Arnold thought it was a prank. “I’d never heard of the recruiter,” he told an audience of Tuck students Jan. 10, during a Global Insights Distinguished Speaker talk hosted by the school’s Center for Global Business and Government. “I’d never been in the Middle East. I didn’t want to leave my job. I didn’t want to leave New York.”

Arnold eventually warmed to the idea, and took the job: as head of the Americas real estate division of the Abu Dhabi Investment Authority (ADIA), the governmental investment arm that invests the surplus oil revenues of the UAE’s wealthiest emirate. By some estimates, it is the largest such fund in the world, with more than $600 billion in assets. Those assets include not only stocks and bonds but also office buildings in Belgium and France, skyscrapers in Rio de Janeiro, and a stake in the company that operates Chicago’s parking meters.

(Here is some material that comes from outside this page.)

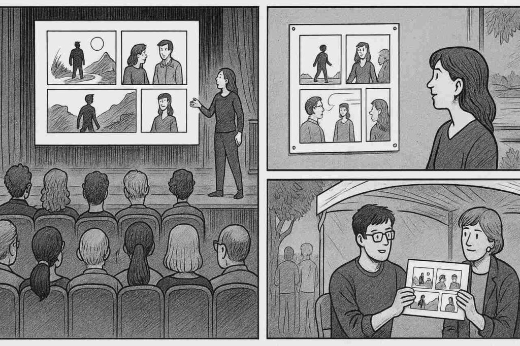 Narracja wizualna – czyli sposób opowiadania historii za pomocą kolejnych kadrów – ma dodatkową przewagę. Uporządkowany ciąg obrazów ułatwia śledzenie treści i pozwala lepiej zrozumieć zależności między poszczególnymi elementami. Tego typu narracja nie tylko podaje informacje, ale także podsuwa interpretacje, podkreśla to, co najważniejsze, i nadaje rytm przekazowi.

One of the most significant changes in moving from Wall Street to a sovereign wealth fund is the time horizon for investments, said Arnold, a member of Tuck's MBA advisory board, in response to questions from Matthew Slaughter, director of the center and associate dean for faculty at Tuck. Performance at investment banks and private equity firms is measured quarterly, weekly, or even daily, he said. ADIA’s goal is to preserve Abu Dhabi’s wealth for future generations long after its oil reserves have dried up, allowing the fund to seek investments that may not immediately rise in value. “You’re looking for generational purchasing power preservation,” said Arnold. “You don’t have to be overly sensitive to short-term volatility.”

A second change was adapting to Abu Dhabi’s button-downed corporate culture. Prima donnas aren’t tolerated, and consistent performance is rewarded with leadership responsibility, he said. Changing his investment mindset was helped by changing location and changing colleagues, many of whom are from the Middle East, South Asia, and other far-flung locales and often dress in traditional attire, such as the white dishdasha robes of the Persian Gulf states and Indian saris. “It was a function of releasing your own self-imposed constraints,” said Arnold. “The geography, climate, and culture are all so different. You’re sitting in a room and there are two people in suits, four people in dishdashas, two people in saris. You realize you’re someplace different.”

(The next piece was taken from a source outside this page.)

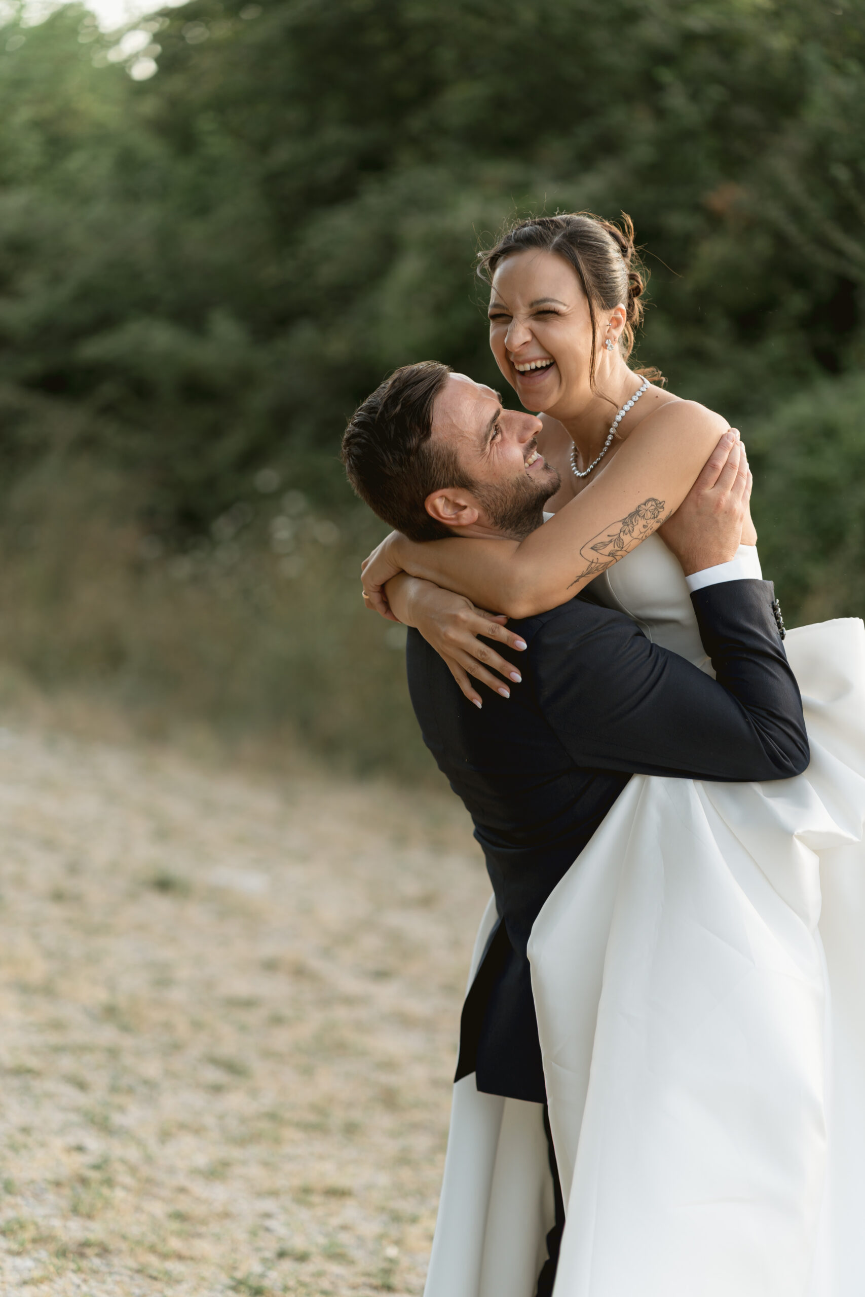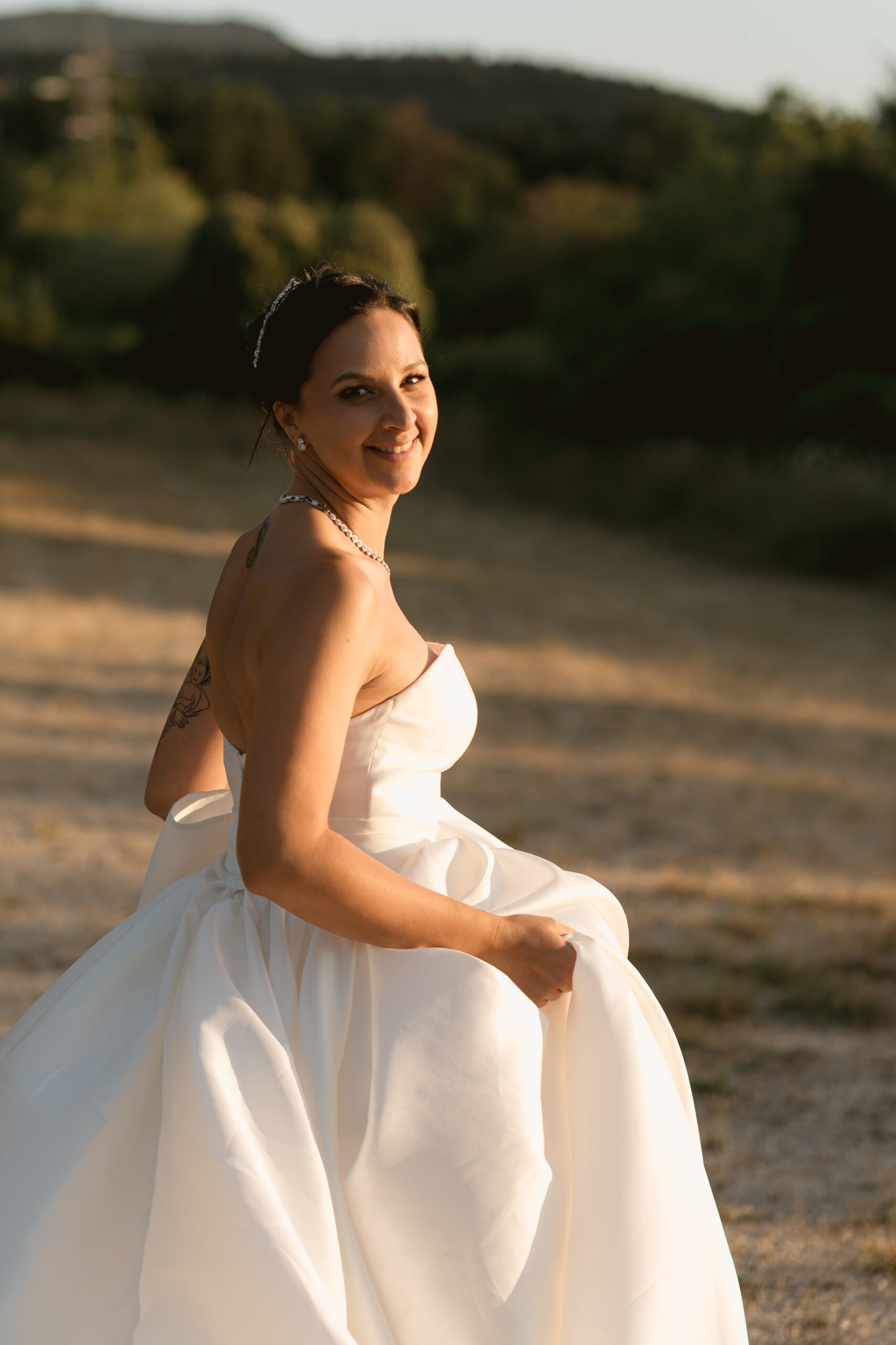A Tenuta La Gramignana, la luce del tramonto e la natura circostante diventano elementi fondamentali per creare immagini poetiche, spontanee e ricche di atmosfera.

With two children in college in the U.S. and a spouse who lives in both Abu Dhabi and the U.S., Arnold says working in the Middle East has made for an unorthodox family life. Moving 7,000 miles from New York has meant missing more family birthdays and weddings, yet the opportunity to work at a fund whose assets dwarf those of the largest private equity firms has been an experience that would have been impossible to replicate in the U.S.

“My experience in life is it’s always the things I didn’t try to do that I regret,” Arnold said. “When that phone rings, don’t hang up.”